Fogle went on to admit he lived a life of lies and deception, saying, "Not a day will go by that I will not think about them and what I did. I want to get myself healthy and still try to help others."

Fogle also addressed his two children and wife, saying, "I absolutely devastated my wife. My son and daughter will have to live with this terrible burden of my actions."

Pratt responded with, "You gave your wife $7 million, though, so she'll be OK."

Fogle pleaded guilty to one count each of travelling to engage in illicit sexual conduct with a minor and distribution and receipt of child pornography, as per a deal he struck with prosecutors in August. The charges followed a July raid on his suburban Indianapolis home.

"I so regret that I let so many of you down," he told the court. "I want to redeem my life. I want to become a good, decent person. I want to rebuild my life."

Before Fogle addressed the court, the two sides called witnesses. Fogle's lawyers called John Bradford, a professor at the University of Ottawa in Canada, who testified by phone.

Bradford said he analyzed Fogle on Aug. 17, two days before Fogle agreed to his plea deal, and concluded Fogle suffers from hypersexuality, mild pedophilia, and alcohol abuse and dependency.

He said he took Fogle's sexual history, including his sexual interests and tested him to determine what images caused Fogle to be sexually aroused. He said Fogle also told him that he had "a fairly extensive history" of using prostitutes for sex. Under cross-examination, Bradford said Fogle admitted to paying a minimum of about $12,000 a year for sex.

"He certainly engaged in sex over a significant period of time. He engaged in that extensively when he was working for the Subway Corp."

And Bradford said Fogle told him he had engaged in sex with minors of 16 and 17 years of age and said that he had a sexual interest in teenagers.

"He started viewing pornography in college and had a fairly extensive collection of pornography in college," Bradford said.

Bradford said Fogle apparently had a compulsive eating disorder before he lost all of the weight that to him becoming the face of Subway, and that his hypersexuality seemed to develop shortly after he shed the extra pounds.

He also said Fogle, whose wife filed for divorce on the day he agreed to plead guilty, admitted that he occasionally fantasized about children. "His main interest was in young females and some interest in adolescent males."

Bradford said he concluded that Fogle suffered from "mild pedophilia."

"I did believe that he did suffer from pedophilia, but it was pedophilia that did not involve acting out that with a child."

Bradford said that Fogle told him he had fantasies about prepubescent females and had masturbated to those fantasies.

"There's no evidence I have that he actually engaged in sex" with such children.

In his plea deal, Fogle admitted that had sex at New York City hotels with two girls under age 18 — one of whom was 16 at the time — and paid them for that sex.
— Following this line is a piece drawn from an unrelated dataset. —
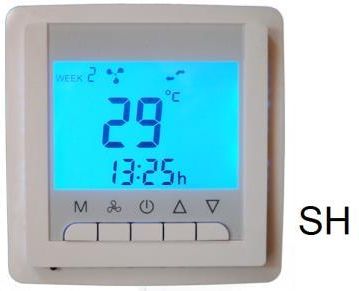 Sterowniki rekuperatorów służą do programowania wydajności rekuperatorów w funkcji czasu. W zależności od wybranego modelu, sterowniki mogą posiadać również dodatkowe funkcjonalności: - regulacja temp. nawiewanego powietrza (współpraca z nagrzewnicami elektrycznymi, nagrzewnicami wodnymi, gwc) - współpraca z zewnętrznymi czujnikami (temperatury, wilgotności CO2) - funkcje alarmowe SH: Realizowane funkcje: - możliwość automatycznego załączania 3 różnych biegów, - manualne wyłączanie wentylatorów, - możliwość zaprogramowania sześciu programów czasowych dla całego tygodnia, - oddzielny program weekendowy, - manualne wyłączanie wentylatorów, - pomiar temperatury otoczenia, - funkcja sygnalizacji przeglądu filtrów, Dedykowane do rekuperatorów: - ZWC-B - B3B SH-B Realizowane funkcje: - możliwość automatycznego załączania 3 różnych biegów, - manualne wyłączanie wentylatorów, - możliwość zaprogramowania sześciu programów czasowych dla całego tygodnia, - oddzielny program weekendowy, - manualne wyłączanie wentylatorów, - pomiar temperatury otoczenia, - funkcja sygnalizacji przeglądu filtrów, Dedykowane do rekuperatorów: - ZWC-4(R), ZWC-5(R), ZWC-6(R) SH-E Realizowane funkcje: - możliwość automatycznego załączania 3 różnych biegów, - manualne wyłączanie wentylatorów, - możliwość zaprogramowania sześciu programów czasowych dla całego tygodnia, - oddzielny program weekendowy, - manualne wyłączanie wentylatorów, - pomiar temperatury otoczenia, - funkcja sygnalizacji przeglądu filtrów, Dedykowane do rekuperatorów: - ZWC EC-1V, ZWC EC-1H SVD-A Realizowane funkcje: - kolorowy wyświetlacz z panelem dotykowym, - sterowanie rekuperatorami 3-biegowymi lub 4-biegowymi (silniki AC), - możliwość programowania czasowego 4 różnych biegów, - programowanie biegów rekuperatora dla każdego dnia tygodnia z dokładnością do 1h (24 programy czasowe dla każdego dnia) - obsługa nagrzewnicy wstępnej typu C+ oraz T z utrzymaniem stałej temperatury, - obsługa siłownika przepustnicy GWC, - funkcja ogrzewanie/chłodzenie (przy współpracy z GWC) - komunikaty alarmowe - współpraca z zewnętrznymi czujnikami dwustanowymi np. termostatem, higrostatem itp. - obsługa nagrzewnicy wtórnej z regulatorem 0-10V (elektrycznej typu NG-X lub wodnej typu NG-W) W skład zestawu wchodzi: - moduł wykonawczy, -dotykowy panel ścienny - przewód komunikacyjny UTP, - 3 czujniki kanałowe, - rejestracja i wizualizacja temperatur z ostatnich siedmiu dni - możliwość wyposażenia sterownika w moduł komunikacji ethernetowej Ekran o przekątnej 3.2" pozwala w czytelny sposób wyświetlić wszystkie parametry procesu odzysku ciepła. Obsługa sterownika jest bardzo intuicyjna i oparta na ikonach. W wersji rozszerzonej można zainstalować moduł komunikacji ethernetowej, pozwalający na połączenie się ze sterownikiem poprzez łącze internetowe. Specjalna aplikacja wyświetla na ekranie przeglądarki internetowej aktualne parametry sterowania oraz umożliwia ich zdalną zmianę. Połączenie ze sterownikiem chronione jest hasłem, które użytkownik ustala i wpisuje w panelu konfiguracyjnym sterownika. Dedykowane do rekuperatorów: - ZWC-B; - ZWC-D; - B3B

He also acknowledged receiving child pornography produced by Russell Taylor, the former executive director of The Jared Foundation, a nonprofit Fogle started to raise awareness and money to fight childhood obesity.
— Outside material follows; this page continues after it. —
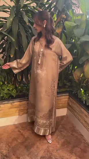Design Details The neckline is meticulously detailed with authentic mirror work and delicate tassel accents, catching the light with every movement. Intricate cream-toned geometric and floral motifs are digitally printed across the bodice and sleeves, leading down to the standout organza-style patchwork on the trouser hems.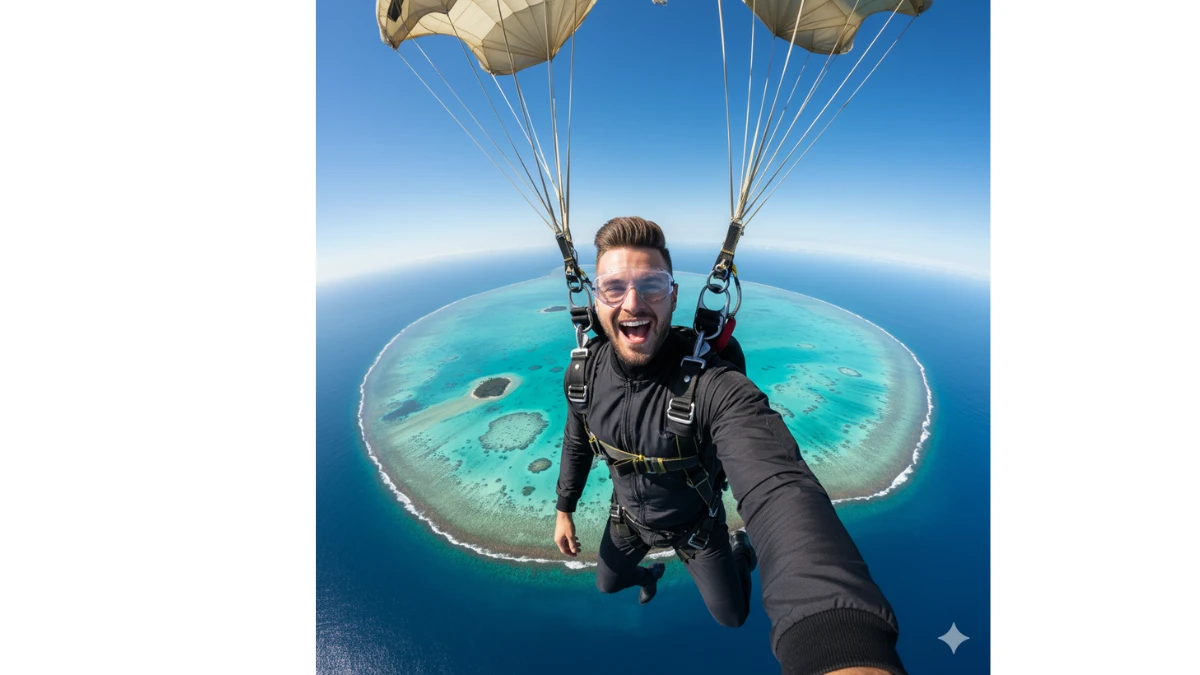 Ultra-realistic wide-angle selfie of a man (sent photo, face 100% preserved, 4K quality) during a skydiving jump over the Great Barrier Reef in Australia. He is wearing a black jumpsuit with a well-fitted parachute harness and transparent protective goggles. His hair is identical to the one in the image, and the person has an expression of joy and excitement. The straps and lines of the parachute are visible above him. Below, the turquoise ocean reveals vibrant coral reefs, colorful marine patterns, and small tropical islands.

Authorities said Taylor secretly filmed 12 minors as they were nude, changing clothes, or engaged in other activities using hidden cameras in his Indianapolis-area residences to produce child pornography. Taylor has agreed to plead guilty to child exploitation and child pornography charges.

Prosecutors said in a sentencing memorandum filed last week that Fogle received photos or videos from Taylor of eight of those 12 youths, and that some of those images were of girls as young as 12. Fogle could have stopped Taylor from victimizing some of minors, prosecutors have said, but he instead encouraged Taylor to produce additional child pornography.

Fogle agreed to pay a total of $1.4 million to his 14 victims, with each getting $100,000. Before Fogle entered his guilty pleas Thursday, one of his attorneys told the judge that Fogle had paid 12 of the 14 victims and turned over the checks for the last two victims before the proceedings began.

Fogle became a Subway spokesman after shedding more than 200 pounds as a college student, in part by eating the chain's sandwiches. Subway ended its relationship with Fogle after authorities raided his suburban Indianapolis home in July.